Politics Seems To Override Providing Healthcare Coverage
Gilbert N. Kahn is a professor of Political Science at Kean University.
The political sidebar to the three days of Supreme Court arguments over the Affordable Healthcare Act suggests that even if the law is overturned– partially or totally– President Obama may well emerge the winner. The fall election will feature extensive debate over the law and the Court opinion, but what politically will count is whether the President or his opponent are best able to develop a catchy ad or phrase which will grab the public. One ought not to assume that the President needs to have the Court uphold the law for him to be gain the upper political hand in the fall debate.
Court observers are spending their time trying to psyche-out the Justices positions based on their questions, but, over the years, it frequently has been demonstrated that questions during oral argument are as much to prod or confront the attorneys as well as their colleagues on the bench. It is great fun and makes wonderful copy but it is strictly gamesmanship. This is especially true because the corpus of cases that these Justices have decided as a group is so small.

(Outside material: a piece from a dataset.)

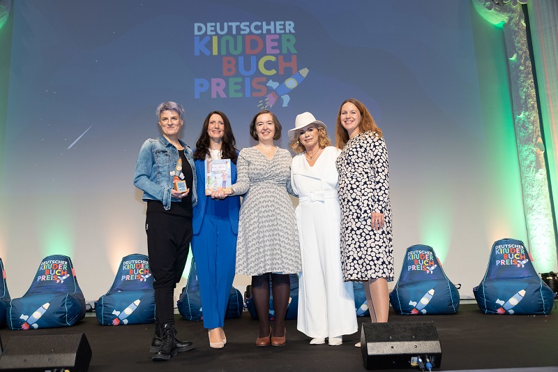 Voll Freude und zunächst auch etwas sprachlos nahmen die Autorin und die Illustratorin des im Februar 2022 erschienenen Siegertitels "Grimm und Möhrchen – Ein Zesel zieht ein" (dtv) den Preis entgegen. Im Mittelpunkt des Buchs steht Buchhändler Grimm mit seinem "Bücherkiste"-Laden, wo es bisweilen etwas einsam ist. Das ändert sich, als an einem Regentag plötzlich ein kleiner Zesel namens Möhrchen in seinem Laden steht – und kurzerhand bei Grimm einzieht. Der sympathische Zesel bringt ordentlich Schwung in Haus und Leben von Grimm, weil auch ganz Alltägliches wie Radfahren oder Puddingkochen zum Abenteuer wird. Zudem zeigt Möhrchen eine große Vorliebe für ungewöhnliche Dinge und Wörter, die immer wieder für Überraschungen sorgen. Im Juli 2022 erschien der Folgeband "Grimm und Möhrchen – Frühling, Sommer, Herbst und Zesel".

Ironically, Romney carries on his back the fact it was the Massachusetts healthcare law, passed in his Administration, that was the model for much of the federal law. Romney, assuming he is the nominee, may be best served if the Court upholds Obamacare. It will enable him to avoid the issue much more easily than if they declare it to be unconstitutional, when he will hard pressed to disassociate himself from the law.
For the President, if the law is upheld, he will be running as the person who gave 35 million uninsured Americans healthcare. Together with killing bin-Laden and turning around the economy he should be able—despite his demonstrated managerial incompetence—to get re-elected. If the law goes down, he will use bin-Laden and the economy, while attacking his opponent and his opponent’s Party for delighting in the damage done to trying to fix the American healthcare system.
As a further aside, to the hullabaloo that has been running around Washington, probably the most maddening was the self-righteousness of Republicans who championed individual mandates long before Obama was even a member of the Senate, let alone President. In addition, that the opponents of the existing law—which admittedly has serious flaws and problems to be corrected—can actually blithely suggest that no one ought to be concerned if the Court strikes down the law because Congress could pass a series of six or eight bills which would quickly put in place the important constitutional portions of the law. This is being said in a period in which the House and the Senate are at persistent loggerheads over debt ceiling extensions, sequestration, and tax cuts; in which the blame game is the only legislative contest in town; and in which Democrats and Republicans are concerned only about winning in November. If the law is stuck down, it could be ten months—at a minimum–or even ten years before many of the provisions that might be struck down would be re-visited by any Congress.